Now, for what you've long been waiting for - a way to actually apply protected mode concepts in a real program. The code we will describe shortly will switch the CPU of a computer from real mode to protected mode, briefly demonstrate memory access in protected mode, switch back to real mode, and return to DOS.

Making sure we're really in real mode to start

The code to switch to and from protected mode makes use of what are called privilged instructions. If you are already in protected mode, priviged instructions are disabled for applications programs and can only be used by the operating system itself. In real mode, however, any program can access privileged instructions. It may appear that any DOS program created in MASM will always run in real mode, however this is not the case. In fact, any program run from a Windows DOS box, is actually running in protected mode. (Windows synthetically implements the shift-and-add method of segmentation, so for most ordinary programs run just like they would in real mode.) Since programs run in a DOS box are in protected mode (and clearly application programs), all privleged instructions are disabled. (It may seem odd that Windows doesn't run DOS programs in real mode. The reason is that if DOS programs were run in real mode, Windows shortcuts such as Alt-Tab, Ctrl-Alt-Delete, and the taskbar would not work properly. Also, only one program could run at a time and a crash in one program would crash the entire computer).

You can positively determine if you are in real mode to start by checking the PE bit of the CR0 register. The following code performs this test:

      mov eax,cr0
      test eax,1
      je L1
      ;already in protected mode - privileged instructions are disabled
      call ReportError
      jmp Exit
L1:
      ;real mode - privileged instructions are enabled.  Switch to protected mode is allowed.

The above code makes no use of privileged instructions so you can append this to any program that switches to protected mode. If the program is already in protected mode, it can display an error message and then exit without a crash.

Format of a Descriptor

The first thing we need to do is set up a GDT somewhere in memory.
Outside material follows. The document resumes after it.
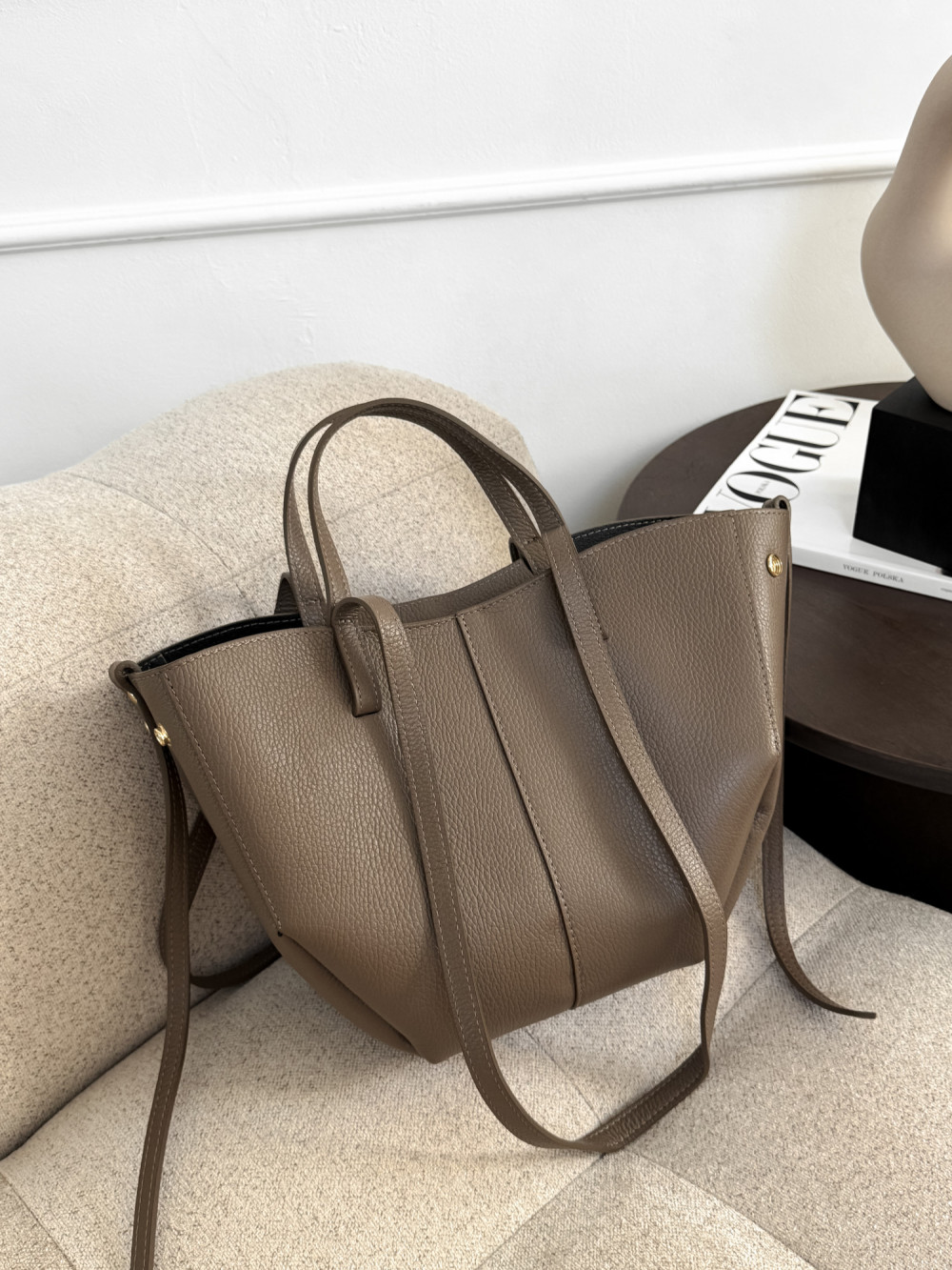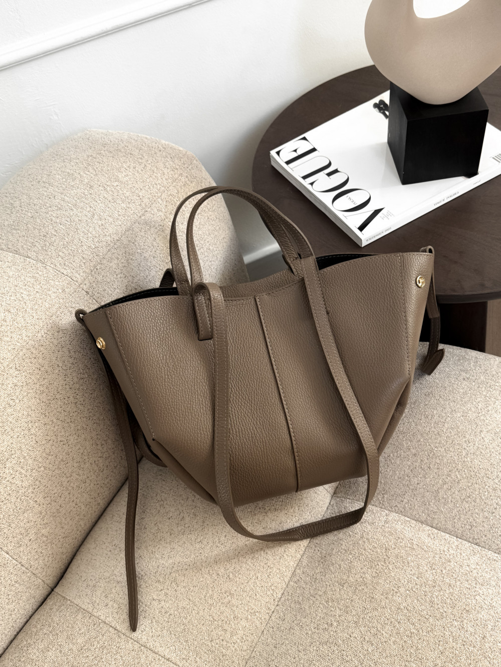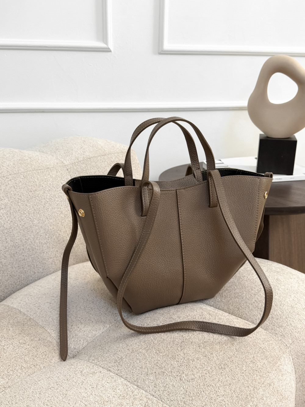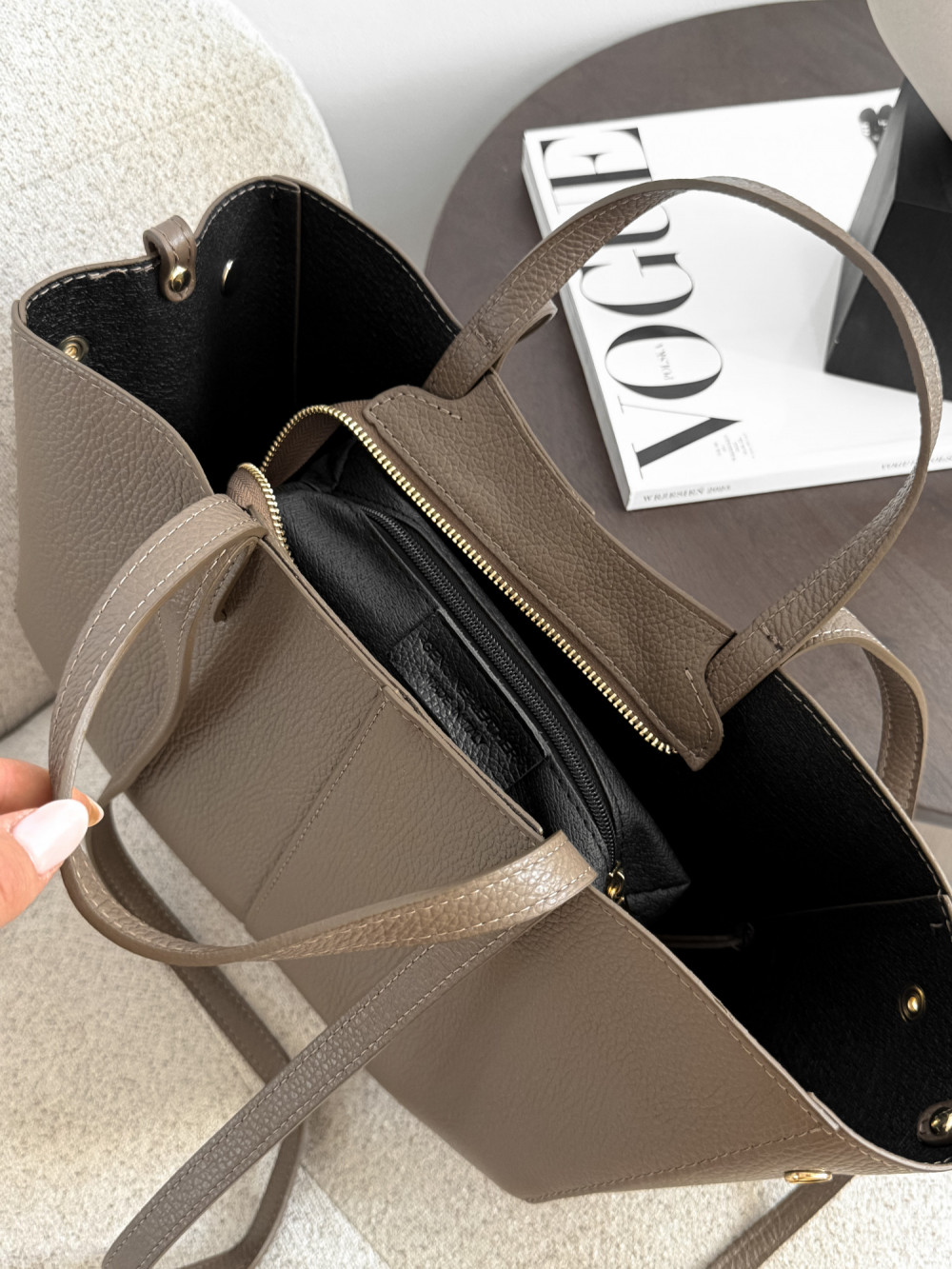 Torebka SOLENE z naturalnej skóry w kolorze taupe to elegancki i funkcjonalny model, który łączy luksusowy materiał z przemyślanym designem. Dzięki zatrzaskom na bokach można ją rozpiąć i powiększyć, a długie i krótkie rączki zapewniają wygodę noszenia na różne sposoby. W środku znajduje się dodatkowa kosmetyczka, która ułatwia organizację drobiazgów. Uniwersalny odcień taupe nadaje torebce subtelnego, wyrafinowanego charakteru, dzięki czemu SOLENE sprawdzi się zarówno w codziennych, jak i bardziej eleganckich stylizacjach.

In order to set up the GDT, however, we must first examine the format of a descriptor.

Each descriptor is eight bytes long. For our purposes, we'll use a simplified format as follows:

Data Descriptor

Code Descriptor

Offset	Byte Contents
0	FFh
1	FFh
2	Bits 0-7 of segment base
3	Bits 8-15 of segment base
4	Bits 16-23 of segment base
5	92h
6	10h
7	Bits 24-31 of segment base

Offset	Byte Contents
0	FFh
1	FFh
2	Bits 0-7 of segment base
3	Bits 8-15 of segment base
4	Bits 16-23 of segment base
5	9Ah
6	10h
7	Bits 24-31 of segment base

Note that the segment base is not stored contiguously.

Note: Although a GDT is required for protected mode, an LDT is optional. Obviously, selectors cannot refer to an LDT entry if an LDT does not exist. The LDT has exactly the same format as the GDT.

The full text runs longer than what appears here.